A queda do preço do petróleo, um obstáculo para a energia alternativa

A queda do preço do petróleo vem representando má notícia para o desenvolvimento de energias renováveis e biocombustíveis, considerados mais necessários que nunca para proteger o clima, advertiram durante a semana especialistas presentes na Conferência da ONU em Poznan (Polônia).

AFP |

O preço atual de cru, que perdeu mais de dois terços de seu valor desde os recordes alcançados em julho, não deve frear os esforços para desenvolver as energias renováveis, disse a Agência Internacional de Energia (AIE).

"Inegavelmente, os preços atuais são uma trava (...) para as energias renováveis", declarou seu diretor geral, Nobuo Tanaka.

"O preço do petróleo compromete também a expansão dos biocombustíveis", destacou por sua vez à AFP Guarany Osorio, da campanha pelo clima do Greenpeace Brasil, país líder na produção do etanol extraído da cana-de-açúcar.

"Quando cai o preço do petróleo cai também o interesse pelos biocombustíveis e, infelizmente, as questões econômicas são priorizadas em detrimento das questões ambientais", lamentou.

O especialista francês Jean-Marc Jancovici se preocupa com o fato de a queda do preço do cru frear as políticas de economia de energia e defende por isso uma alta dos preços, para incitar os países consumidores a buscarem antes de mais nada eficácia energética.

"O problema é a grande volatilidade dos preços do petróleo, que provoca 'intermitências" nos investimentos petroleiros e sobretudo nos investimentos em energias de substituição", considerou Cedrid Philibert, especialista da AIE.

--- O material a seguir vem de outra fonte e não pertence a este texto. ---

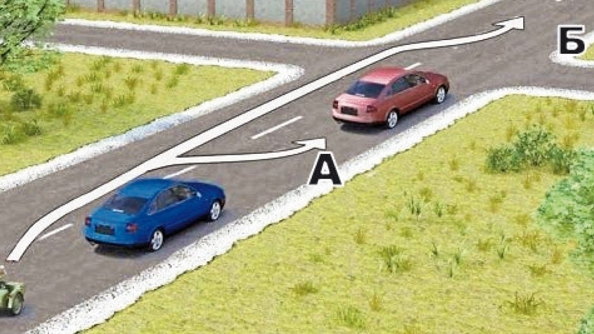 Здесь траектория «А» не пересекает сам перекрёсток, поэтому только она разрешена для обгона. (Пункт 11.4 ПДД)

"Mas a principal razão para desenvolver as energias renováveis hoje é a proteção do clima", afirmou. "São necessárias, portanto, políticas constantes, legitimadas pela questão do clima e não pelos preços da energia", acrescentou.

Principalmente, tendo em conta que, diante da demanda crescente, os preços do cru devem voltar a subir.

"Todo mundo concorda em dizer que o preço do petróleo voltará a subir a médio prazo", afirmou o diretor do programa das Nações Unidas para o Meio Ambiente, Achim Steiner.

"Assim, a competitividade das novas tecnologias aumentará em relação ao preço do petróleo", disse.

O etanol brasileiro de cana-de-açúcar reduz em pelo menos 80%, em relação aos combustíveis fósseis, as emissões de gases causadores do efeito estufa, responsáveis pelo aquecimento do planeta, segundo documento da Organização para a Cooperação e o Desenvolvimento Econômicos (OCDE) divulgado em julho.

Sua eficácia é muito superior à de outros carburantes produzidos a partir do milho, trigo ou da beterraba, segundo a OCDE.

Os Estados Unidos, que destilam etanol a partir do milho, são o primeiro produtor mundial com 48% de total em 2007. Em seguida, aparece o Brasil, com 31% da produção de etanol. A União Européia produz 60% do biodiesel mundial, biocarburante elaborado a partir de óleos vegetais, que substitui o gasóleo.